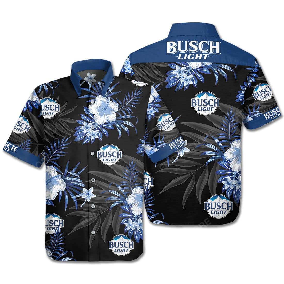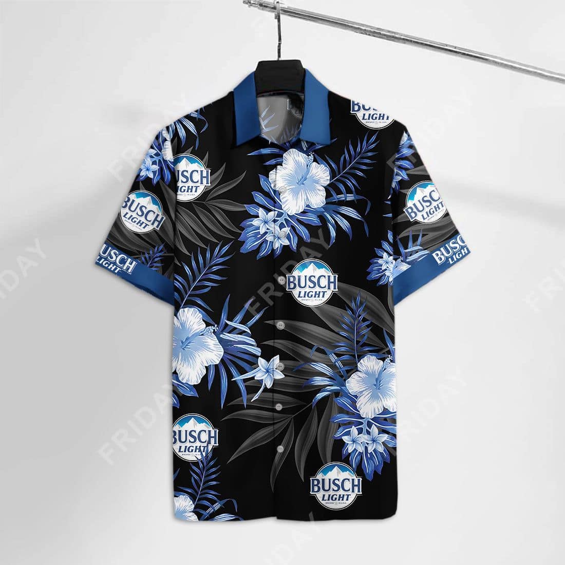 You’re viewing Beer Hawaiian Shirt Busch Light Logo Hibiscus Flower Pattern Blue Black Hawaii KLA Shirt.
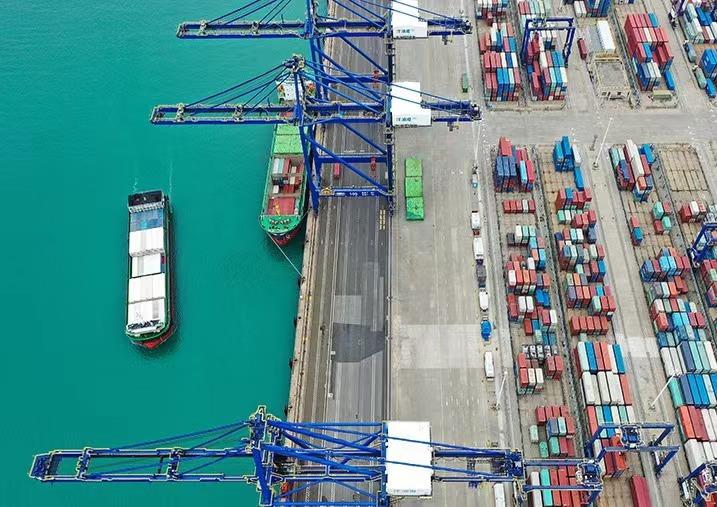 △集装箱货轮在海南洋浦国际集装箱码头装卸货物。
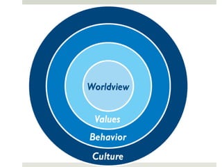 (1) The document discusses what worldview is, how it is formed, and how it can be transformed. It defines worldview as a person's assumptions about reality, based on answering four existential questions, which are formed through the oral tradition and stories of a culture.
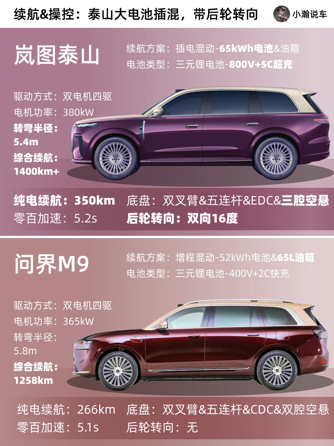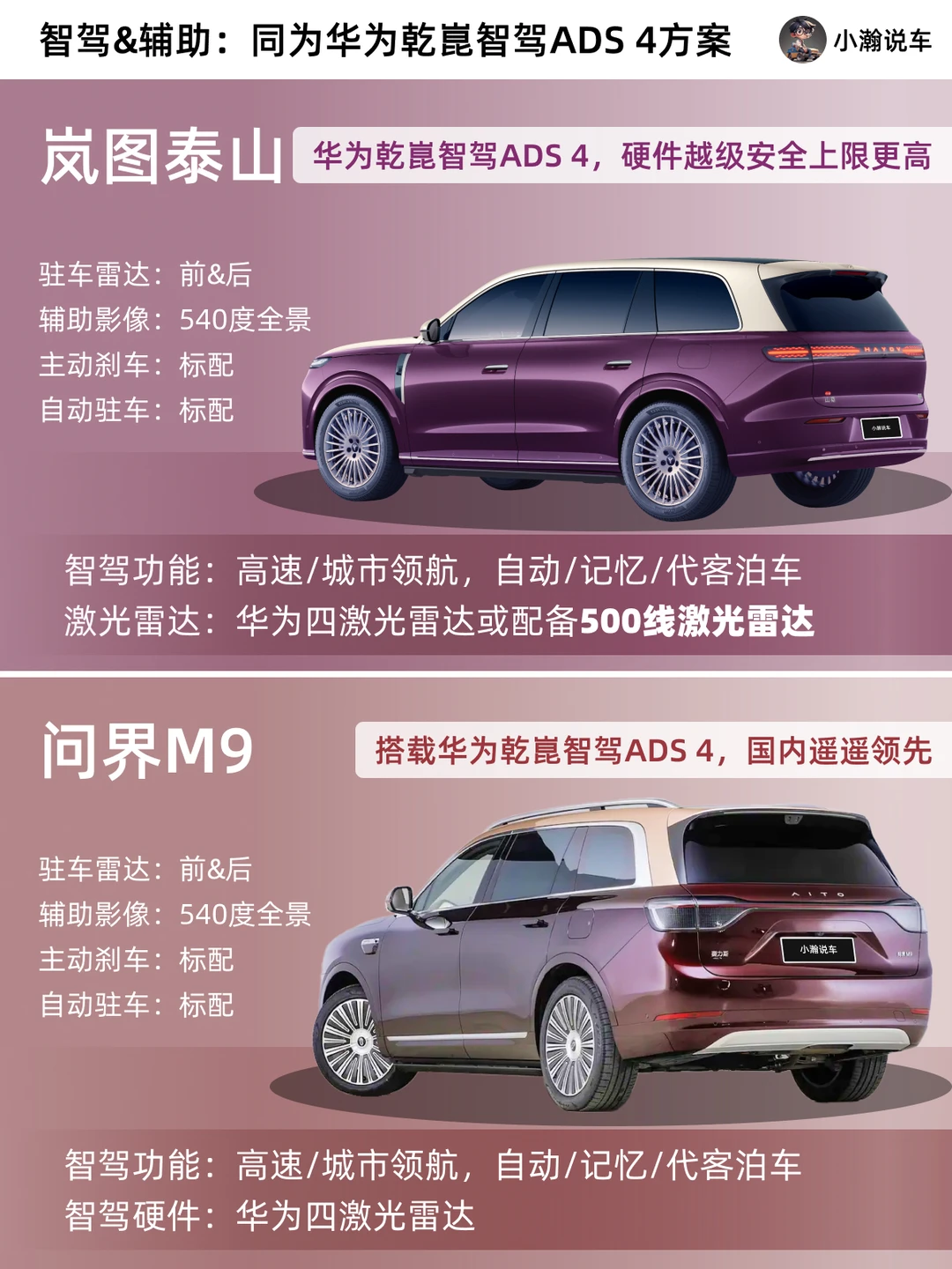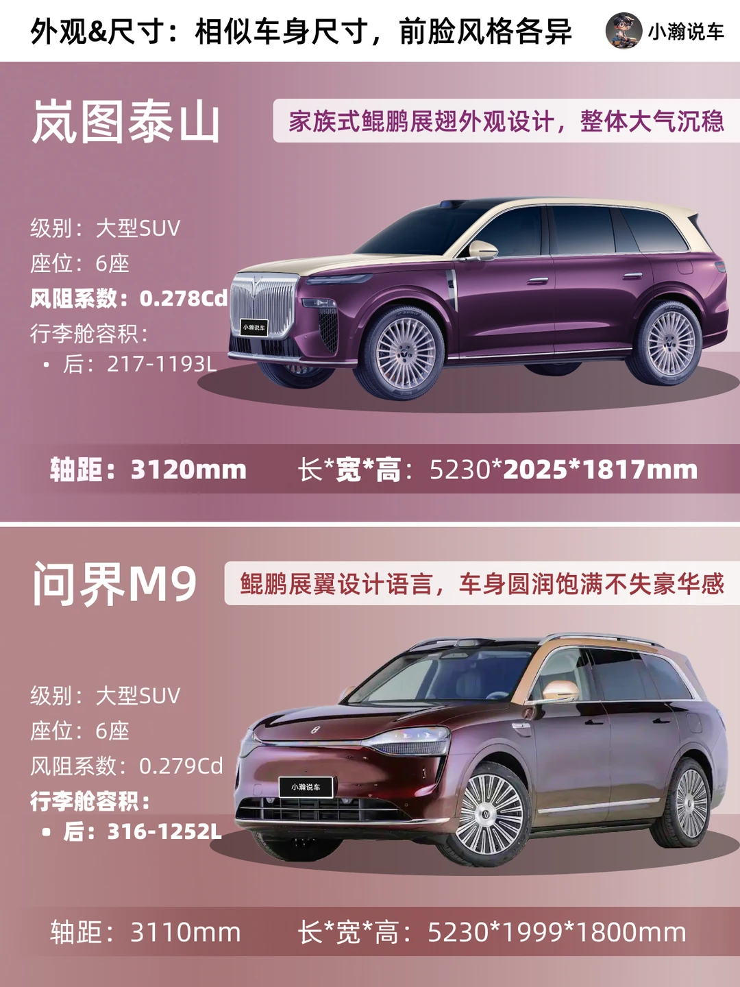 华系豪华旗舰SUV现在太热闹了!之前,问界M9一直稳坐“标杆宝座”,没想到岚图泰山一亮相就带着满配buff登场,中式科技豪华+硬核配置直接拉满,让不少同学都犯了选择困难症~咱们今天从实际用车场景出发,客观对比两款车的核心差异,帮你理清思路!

WORK TO COMPLETE =>
Repeat all the material above exactly, apart from the pictures.

OUTPUT OF THE TASK =>
 You’re viewing Beer Hawaiian Shirt Busch Light Logo Hibiscus Flower Pattern Blue Black Hawaii KLA Shirt.
 △集装箱货轮在海南洋浦国际集装箱码头装卸货物。
 (1) The document discusses what worldview is, how it is formed, and how it can be transformed. It defines worldview as a person's assumptions about reality, based on answering four existential questions, which are formed through the oral tradition and stories of a culture.
 华系豪华旗舰SUV现在太热闹了!之前,问界M9一直稳坐“标杆宝座”,没想到岚图泰山一亮相就带着满配buff登场,中式科技豪华+硬核配置直接拉满,让不少同学都犯了选择困难症~咱们今天从实际用车场景出发,客观对比两款车的核心差异,帮你理清思路!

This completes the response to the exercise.